Hunyuan-A13B-Instruct¶

简介¶

Hunyuan-A13B-Instruct 是腾讯开发的一款细粒度混合专家模型（MoE）。该模型总参数量达800亿，激活参数量为130亿，支持256K超长上下文，并具备原生思维链（CoT）推理能力。

环境准备¶

模型权重¶

Hunyuan-A13B-Instruct（BF16版本）：下载模型权重。

建议将模型权重下载到多节点共享目录中，例如 /root/.cache/

安装¶

运行 Docker 容器：

# Update the vllm-ascend image
# For Atlas A2 machines:
# export IMAGE=quay.io/ascend/vllm-ascend:v0.22.1rc1
# For Atlas A3 machines:
export IMAGE=quay.io/ascend/vllm-ascend:v0.22.1rc1-a3
docker run --rm \
  --name vllm-ascend \
  --shm-size=1g \
  --device /dev/davinci0 \
  --device /dev/davinci1 \
  --device /dev/davinci2 \
  --device /dev/davinci3 \
  --device /dev/davinci_manager \
  --device /dev/devmm_svm \
  --device /dev/hisi_hdc \
  -v /usr/local/dcmi:/usr/local/dcmi \
  -v /usr/local/bin/npu-smi:/usr/local/bin/npu-smi \
  -v /usr/local/Ascend/driver/lib64/:/usr/local/Ascend/driver/lib64/ \
  -v /usr/local/Ascend/driver/version.info:/usr/local/Ascend/driver/version.info \
  -v /etc/ascend_install.info:/etc/ascend_install.info \
  -v /root/.cache:/root/.cache \
  -p 8000:8000 \
  -it $IMAGE bash

从源码构建：

# Install vLLM.
git clone --depth 1 --branch v0.22.1 https://github.com/vllm-project/vllm
cd vllm
VLLM_TARGET_DEVICE=empty pip install -e .
cd ..

# Install vLLM Ascend.
git clone --depth 1 --branch v0.22.1rc1 https://github.com/vllm-project/vllm-ascend.git
cd vllm-ascend
git submodule update --init --recursive
pip install -e .
cd ..

软件栈版本验证¶

环境基于 GiteeAI 平台内置的 CANN，并通过 Python 3.11.6 Conda 环境成功运行 vLLM v0.22.1rc1 和 vLLM-Ascend:v0.22.1rc1。

部署¶

单节点部署（4-NPU）¶

export HCCL_INTRA_ROCE_ENABLE=1
export ASCEND_RT_VISIBLE_DEVICES=0,1,2,3
export HF_HOME=/data
export MODEL_PATH="Hunyuan-A13B-Instruct"

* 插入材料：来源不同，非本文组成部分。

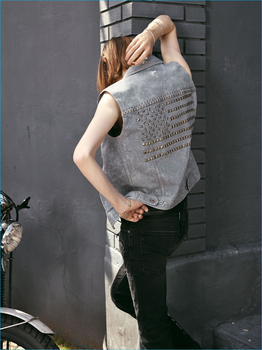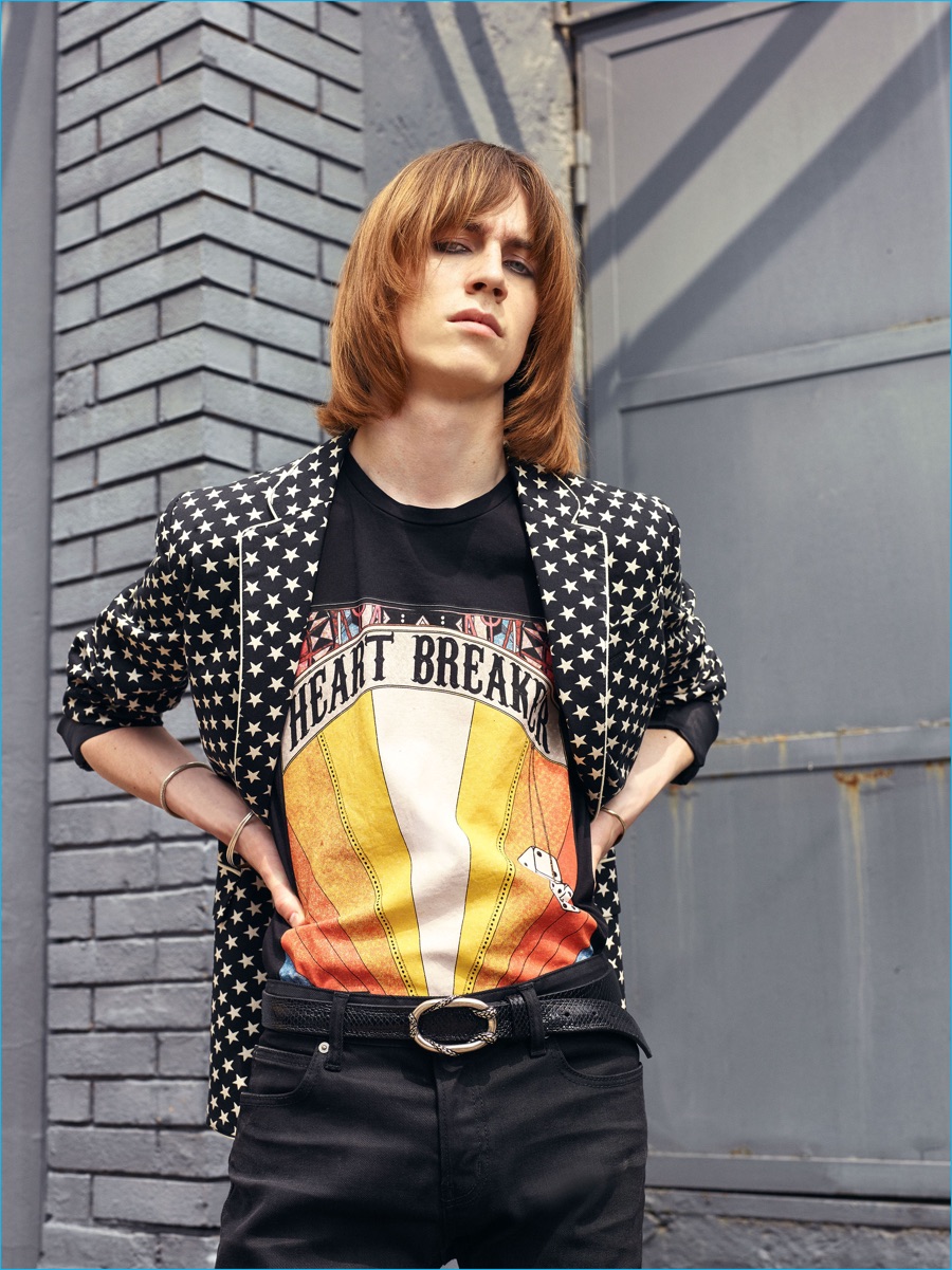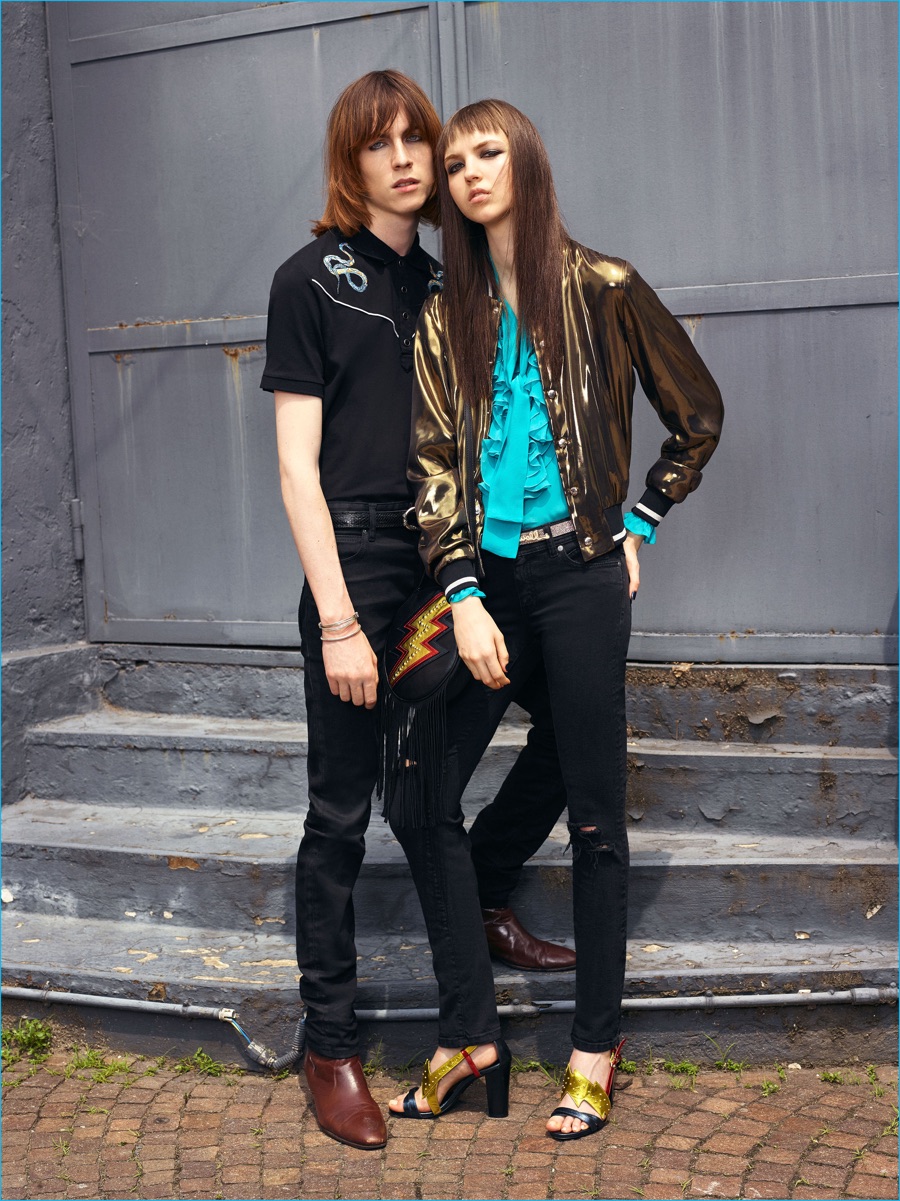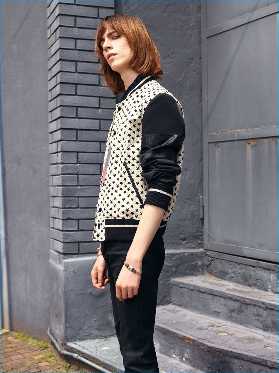 On the heels of the unveil of Roberto Cavalli’s spring-summer 2017 collection, Just Cavalli prepares for resort season with its latest menswear designs. Peter Dundas champions rocker boys as he taps into the styles of the late 1970s and early 80s for inspiration. The season’s color palette takes on a bright attitude with a rainbow motif dressing jacquard knits. Paired with skinny jeans and leather ankle boots, the knits join a lineup of structured jackets and fitted shirts. Injecting the collection with a bold personality, floral, palm and snake patterns accent Dundas’ nostalgic designs. Rounding out the range, the leather jacket is front and center with a moto style dominating.

vllm serve ${MODEL_PATH} \
    --trust-remote-code \
    --host 0.0.0.0 \
    --port 8000 \
    --served-model-name Hunyuan \
    --tensor-parallel-size 4 \
    --max-model-len 32768 \
    --gpu-memory-utilization 0.90

关键性能指标¶

基于已验证的 CANN 8.5.1 测试日志：

权重内存占用：每个 NPU 的静态内存占用约为 37.46 GB。
图编译（ACL Graph）：启用 PIECEWISE 模式后，系统约在 18 秒内自动捕获计算图，可显著加速后续推理。
KV 缓存容量：剩余 NPU 内存可为约 529,152 个 token 提供并发缓存空间。

功能验证¶

curl http://localhost:8000/v1/chat/completions \
    -H "Content-Type: application/json" \
    -d '{
        "model": "Hunyuan",
        "messages": [{"role": "user", "content": "Give me a short introduction to large language models."}],
        "max_tokens": 100,
        "temperature": 0.7
    }'

预期输出：

{"id":"chatcmpl-9a60df2b23bb539f","object":"chat.completion","created":1774751760,"model":"Hunyuan","choices":[{"index":0,"message":{"role":"assistant","content":"<think>\nOkay, I need to write a short introduction to large language models. Let me start by recalling what I know. First, what are LLMs? They're machine learning models trained on vast amounts of text data. The key here is \"large\"—so they have a huge number of parameters. Maybe mention the scale, like billions or trillions of parameters.\n\nThen, how are they trained? They're trained on diverse text sources—books, websites, articles, etc. The","refusal":null,"annotations":null,"audio":null,"function_call":null,"tool_calls":[],"reasoning":null},"logprobs":null,"finish_reason":"length","stop_reason":null,"token_ids":null}],"service_tier":null,"system_fingerprint":null,"usage":{"prompt_tokens":12,"total_tokens":112,"completion_tokens":100,"prompt_tokens_details":null},"prompt_logprobs":null,"prompt_token_ids":null,"kv_transfer_params":null}

精度评估¶

在 GiteeAI 平台上，使用 AISBench 工具在 GSM8K 基准集上对模型进行了测试验证：在 7cd45e 版本配置下，模型在精度生成模式下达到了 94.77% 的准确率。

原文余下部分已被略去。